Canada’s military must be able to stand with its allies in new friction spots such as Greenland.COLE BURSTON/AFP/Getty Images
As far back as 2020, Canada’s army commander of the time warned that deploying the Forces for disaster relief risked taking away from the military’s ability to train together, diminishing fighting proficiency.
“If this becomes of a larger scale, more frequent basis, it will start to affect our readiness,” said then lieutenant-general Wayne Eyre, who went on to serve as chief of defence staff from 2021 to 2024 before retiring.
His worry of more frequent disaster-relief deployments is exactly what happened. According Department of National Defence data and information gathered by Peter Kasurak, a military expert and fellow at the Centre for International and Defence Policy, Queen’s University, the number of domestic missions is climbing fast.
There were six such deployments between 1990 and 2010 and 29 between 2011 and 2020. There have been 30 in the last five years, double the pace of the previous decade.
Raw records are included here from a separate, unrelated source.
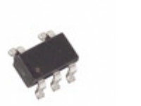
MAX4627EUK+T Maxim Integrated IC SWITCH SPST SOT23-5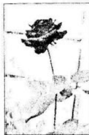
ẢNH BAN ĐẦU 2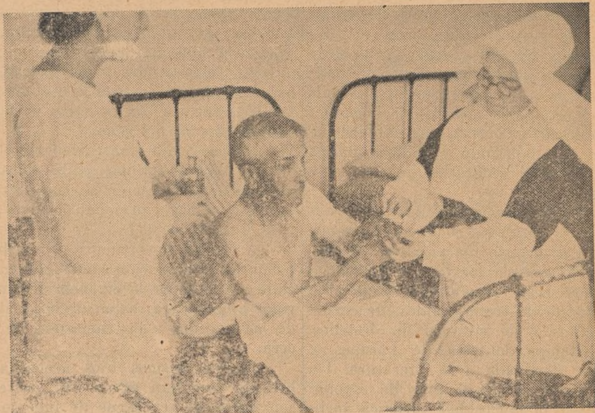
Una Hermana de la Caridad, que tal vez escapó de ser asesinada por los bárbaros, prodiga los cuidados cristianos a un anciano de 70 años, herido por la metralla roja, cuando corría asustado por las afueras de Cabra.

tencia en la alevosía—es una vileza inculcable que sólo logra hallar precedente en el propio hábito del marxis-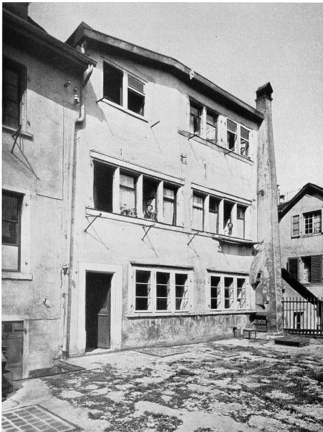
Ostseite des Bunfthauses zum hintern Silberschmid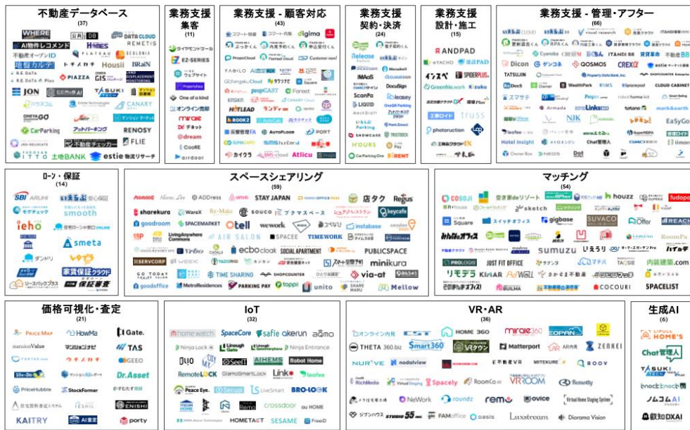
第10版：2024年8月（499）不動産クラウドファンディング含む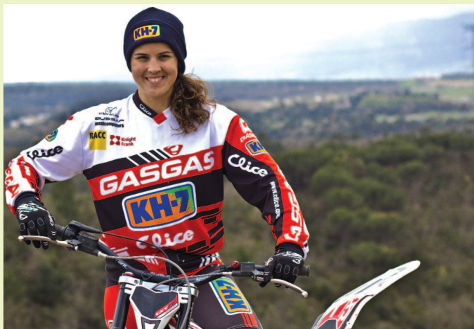
Laia Sanz s'entrena a la zona de la Garriga

Després de tots els títols que ha guanyat (11 mundials, 10 europeus, 5 trials de les Nacions, 2 Dakars, podem dir que Laia Sanz no té límits?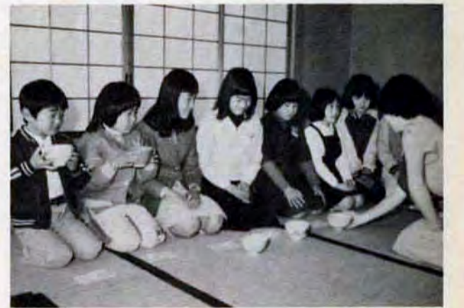
結構なお点前で…。会場に設けられた茶室は大好評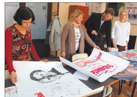
Jurorzy podczas oceniania prac nadesłanych na II Regionalny Konkurs Plastyczny.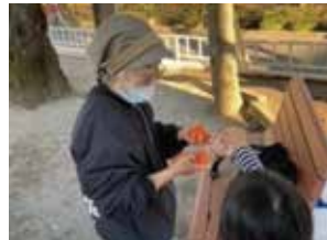
子どもたちに伝承文化「お手玉」を教えています。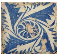
2. Taulell gòtic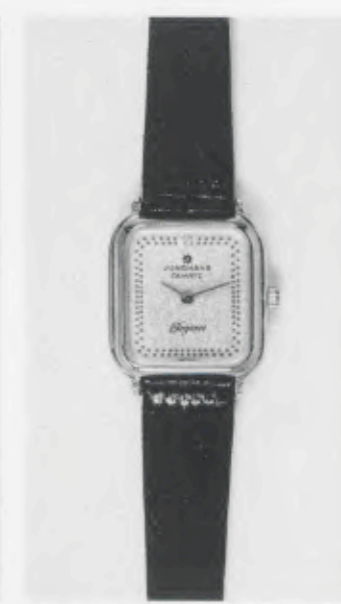
030/5203 »Elegance« Neu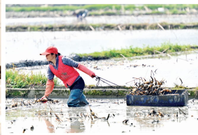
柳江区百朋镇，村民把刚挖出来的莲藕转移到藕田里种植。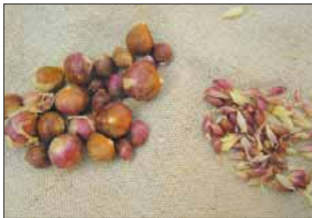
Srovnání velikosti tzv. velkých a malých pacibulek: Vlevo velké pacibulky odrůdy Z Miřejovických strání u Litoměřic (dříve Pospa), vpravo malé pacibulky odrůdy Ruský z Lipnice.

S náboženským obsahem jména – Svatá Trojice, Svatý duch s červeným okem, Svatá Helena-Krušné hory, Mária, Andělské, Svatý Ján, Antoníček černý, Antoníček červený.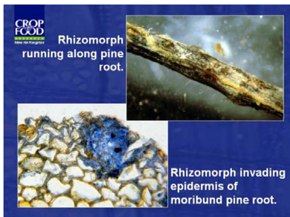
Fig. 5. Rizomorfo de Lactarius deliciosus invadiendo la epidermis radical del pino que lo hospeda. Autor: Wang Y. Crop & food Research.

El objetivo de estas reflexiones es poner en relieve algunas de las áreas sobre las que vale la pena explorar, si pretendemos llegar a cerrar con cierto éxito, el ciclo de cultivo de algunos hongos micorrícicos con los que actualmente estamos trabajando.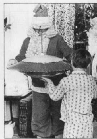
Le Martien de Noël, de Bernard Gosselin.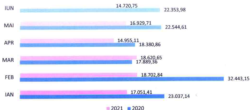
Fig. 2-1 Distribuția lunară a cantității de mărfuri manipulate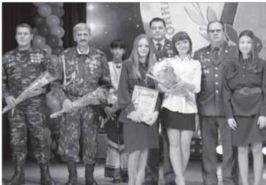
Участники, гости и члены жюри конкурса-фестиваля

Уже с самого раннего утра заснеженный гостеприимный Тарко-Сале встречал иногородних участников фестиваля. Талантливые исполнители песен приехали в наш город со всего Пуровского района. Дальняя дорога и морозная погода февраля не остановили их - любовь к песне, желание поделиться своими талантами со зрителями были сильнее.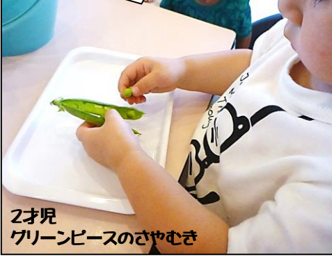
2才児 グリーンピースのさやむき

A lot of this is due to erratic weather wreaking havoc; most of the recent domestic emergency missions were fire-related.
Worryingly, the demand for these deployments is happening against a backdrop in which old security assumptions are being shredded and new adversaries lurk.
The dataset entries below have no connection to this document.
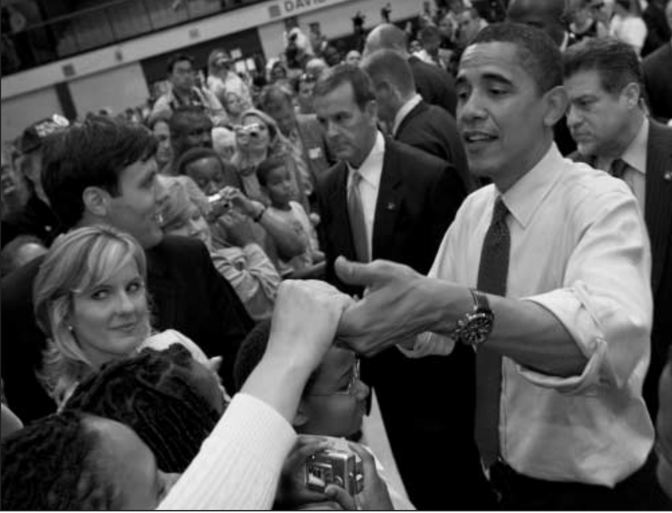
اباما يصافح مناصريه في احد حملته الانتخابية

واقطع باراك اباما الثلاثاء «بحزن» و«غضب» علاقته مع مرشده الروحي السابق القس جبريما رايت منددا بتصريحاته «الرعية» وسط تصاعد جدل مرشح عند ابواب المرحلة النهائية من الانتخابات التمهيدية للحزب الديموقراطي لاختيار مرشحه للبيت الابيض. وقال اباما في احدى محطات حملته الانتخابية في ونستون-ساليم (كارولينا الشمالية، جنوب شرق) نقلتها الشبكات التلفزيونية «لا توجد اعداء» للترشيح «المشينة» التي ادلى بها القس رايت. واذ اضاف المرشح لتمثيل الحزب الجمهوري في الانتخابات الرئاسية في تشرين الثاني (نوفمبر) ان هذه التصريحات «تؤلمني وتؤلم جميع الامريكيين وهي تستوجب الالامة» واصفا كلام جبريما رايت الاستغزافي بانها «نقيض» ما يمثله المرشح.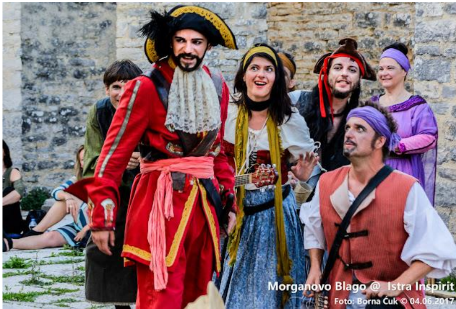
Slika 15. Izvedba predstave Morganovo blago u Dvigradu

Izvor: https://www.press-photo.eu/2017/06/predstava-morganovo-bлаго-istra.html , pristup 7. listopada 2022.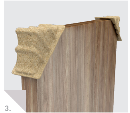
Möbelindustrie: Schutzecken für Schrankelemente.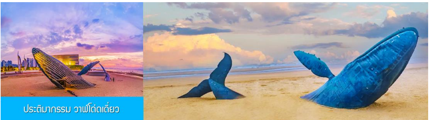
ประติมากรรม วาฬโดดเดี่ยว

นำท่านชมซุ้มประตูฝงไหล พระราชวังมังกร พระราชวังราชินีแห่งสวรรค์ และศาลาหลัก ชมทัศนียภาพอันตระการตาของเขตแดนทะเลเหลือง-ทะเลป้อไห่ ชม " ศาลาอมตะทะยานสู่ท้องฟ้า " จากนั้นนำท่านเดินทางไป ยังจุดชมวิวแปดเซียนข้ามทะเล ชมสถานที่สำคัญอันเป็นสัญลักษณ์ เช่น หอคอยเซียนหยวน กำแพงแปดเซียน และศาลาฮู่เซียน โครงสร้างรูปทรงน้ำเต้าที่ล้อมรอบด้วยทะเลทั้งสามด้าน เชื่อมโยงตำนานแปดเซียนเข้ากับ ความมหัศจรรย์ของภาพลวงตา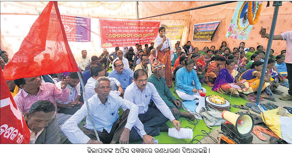
ଜିଲ୍ଲାପାଳଙ୍କ ଅଫିସ ସମ୍ମୁଖରେ ଗଣଧାରଣା ଦିଆଯାଇଛି।

କେନ୍ଦ୍ର ସରକାରଙ୍କ ଜନବିରୋଧୀ ନୀତି ବିରୋଧରେ ମଙ୍ଗଳବାର ଭବାନୀପାଟଣା ଜିଲ୍ଲାପାଳଙ୍କ ଅଫିସ ସମ୍ମୁଖରେ ଜିଲ୍ଲାର ବିଭିନ୍ନ ସଙ୍ଗଠନ ପକ୍ଷରୁ ଗଣଧାରଣା ଦିଆଯାଇଛି। କକାହାଡ଼ି ଜିଲ୍ଲା କେନ୍ଦ୍ରୀୟ ଚେତ୍ର ଯୁକ୍ତିଅନ, ସ୍ୱାଧୀନ ଫେଡେରେଶନର ନିକିତ ମଞ୍ଜୁ ଓ ସଂଯୁକ୍ତ କିଷାନ ମୋର୍ଚ୍ଚା, ମା' ମାଟି ମାଲି ପୁରୁଷା ମଞ୍ଚ ପକ୍ଷରୁ ୨୬ ଦିନୀ ଦାବିପତ୍ର ରାଷ୍ଟ୍ରପତିଙ୍କ ଉଦ୍ଦେଶ୍ୟରେ ଜିଲ୍ଲାପାଳଙ୍କୁ ପ୍ରଦାନ କରାଯାଇଛି। ଦରବୁକ୍ତି ରୋକିବା, କୃଷିକାର ଫୁଲ ଉପରୁ ଜିଏସ୍‌ଟି ପ୍ରତ୍ୟାହାର, ମାଗଣା ଶିକ୍ଷା, ସମସ୍ତ ଆଦିବାସୀ ଓ ଜଙ୍ଗଲ ଅଧିବାସୀଙ୍କୁ ଜଙ୍ଗଲ ଜମିର ଅଧିକାର ପ୍ରଦାନ, ଲଘୁ ବନଜାତ ଫୁଲକୁ ଠିକ୍ ମୂଲ୍ୟ ପ୍ରଦାନ କରିବା ଆଦି ଦାବି କରାଯାଇଛି। ସେହିପରି କକାହାଡ଼ି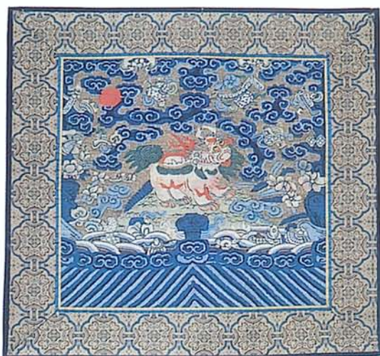
圖五·清代文官章補(右上圖)武官章補(右下圖) (輔仁大學織品服裝研究所「中華服飾文化中心」藏)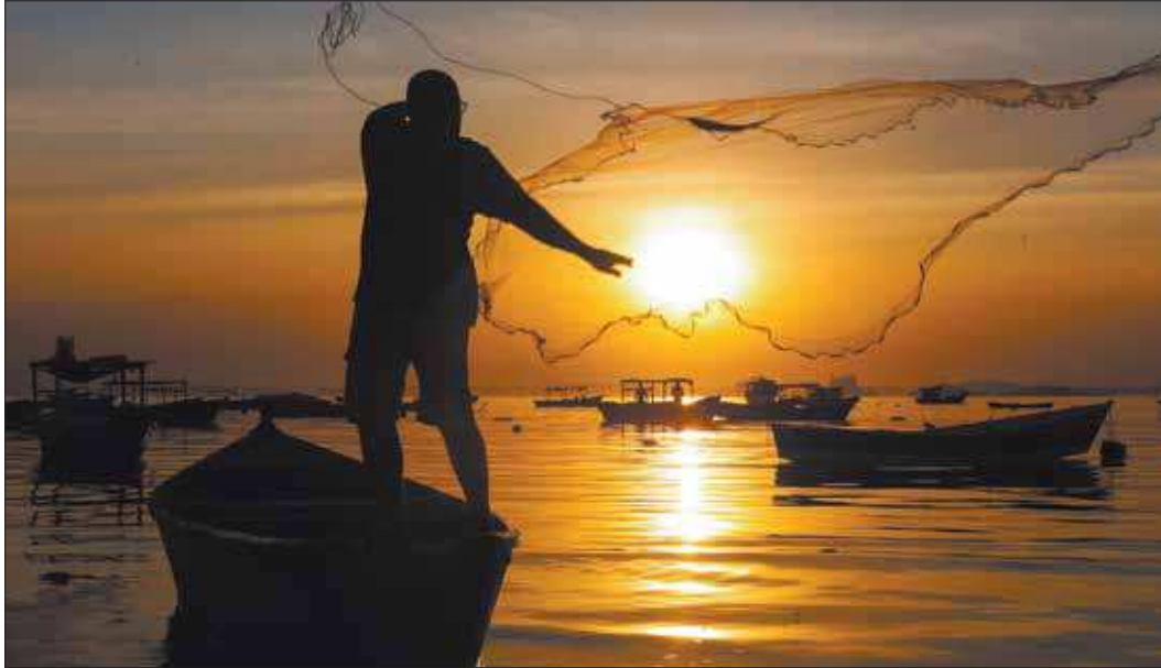
Prefeitura é acusada de exigir título de eleitor para fazer cadastro que garante benefício, que não foi pago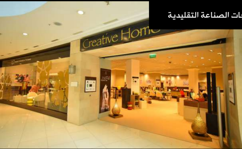
قاعة مؤقتة لعرض منتجات الصناعة التقليدية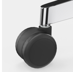
Lastabhängig gebremste Sicherheitsrollen verhindern ungewolltes Wegrollen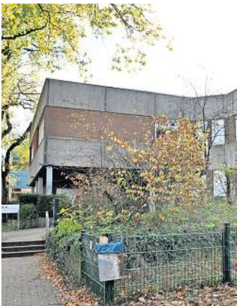
Zentrum für Ehrenamtliche und Gruppen: Das Mehrgenerationenhaus am Gilborn 6 in Mellendorf hat im Gebäude der ehemaligen Berthold-Otto-Förderschule Platz gefunden.

MELLENDORF (kra). Sie haben offenbar eine illegale Party gefeiert: Zehn Personen sind ins Mehrgenerationenhaus in Mellendorf eingedrungen und lösten in der Nacht zu Sonntag, 18. Februar, einen Großeinsatz der Polizei aus. Eine Gruppe Menschen im Alter zwischen 18 und 32 Jahren hat in Mellendorf einen Großeinsatz der Polizei ausgelöst. Gegen 0 Uhr in der Nacht zu Sonntag, 18. Februar, wurden über eine Überwachungskamera mehrere Personen gesichtet, die sich im Gebäude der ehemaligen Berthold-Otto-Schule im Gilborn aufhielten, in dem jetzt unter anderem das Mehrgenerationenhaus sowie die Kita Wederacker untergebracht sind. Als die Polizei eintraf, ergab sich der Verdacht, dass sich noch weitere Personen

Editorial: In the age of Trump, it’s time to think about the unthinkable
Canada’s military must be able to stand with its allies in new friction spots such as Greenland. It must defend the Arctic as a warming climate opens sea lanes. And it must be ready for any NATO deployment to Europe, where Russian President Vladimir Putin has been eyeing the Baltic states.
In this world, the routine use of armed forces to work the line in forest fires or clean debris after floods is hard to justify.
This type of mission, providing humanitarian assistance or disaster relief, is listed as one of the eight core functions of the military in the most recent defence policy statement. And that’s fine, there are emergency domestic tasks, such as evacuations, for which the military is well-suited. They are stationed across the country and have the equipment to reach remote spots and navigate otherwise impassible routes.
However, the most basic function of the military is to be trained and ready to fight wars. It’s true that Canada has participated in only a handful of military actions since 1945. But to believe that this means the value of military readiness is obsolete would be like letting an insurance policy lapse because it’s been decades since the last fire.
At the same time, readiness has been allowed to decline. A government report from 2024 showed the military was far below its own target for being able to contribute concurrently to national defence, NATO and NORAD obligations, peacekeeping and disaster relief.
Every humanitarian deployment – however worthy and well-intentioned – detracts from the training and readiness of the military. That the Forces have been able to juggle domestic requests with their more basic responsibilities doesn’t negate the fact that these have an impact.
Of the 30 missions in the last five years, 18 of them were forest fire related. Wilderness fire-fighting has traditionally been a provincial responsibility. And that’s fair, they oversee most of the country’s forests. But the old model – in which provinces that are experiencing modest fire seasons assist those in crisis – is breaking down. In recent years, too many places have been burning at once.
Editorial: Venezuela’s fate is a warning for Canada
Still, stretched provincial resources are not a reason to call in the military. Provinces must recognize the new reality and invest accordingly. There is the risk of moral hazard in having the military step up. Knowing that this backstop exists allows the provinces to underfund their own emergency response operations, and then plead they are overwhelmed.
But it’s also strong motivation for Canada to look more seriously at creating a national firefighting service. Another option is the huge boost in reserve forces being floated by Chief of Defence Staff General Jennie Carignan, who wants to increase their numbers from 34,000 to about 400,000 over a decade. These part-time soldiers would constitute a civil emergency force.
Pulling regular soldiers away from their normal duties to work the fire-line is a poor use of resources. Any able-bodied person can fight a fire. Soldiering is a specialized skill. The basic function of a military is fighting. To defend a country requires fighting, or at least the willingness and ability to do so.
No one is questioning the willingness of the Armed Forces to do their job. But to be able to defend our freedom, they need to be free to fight.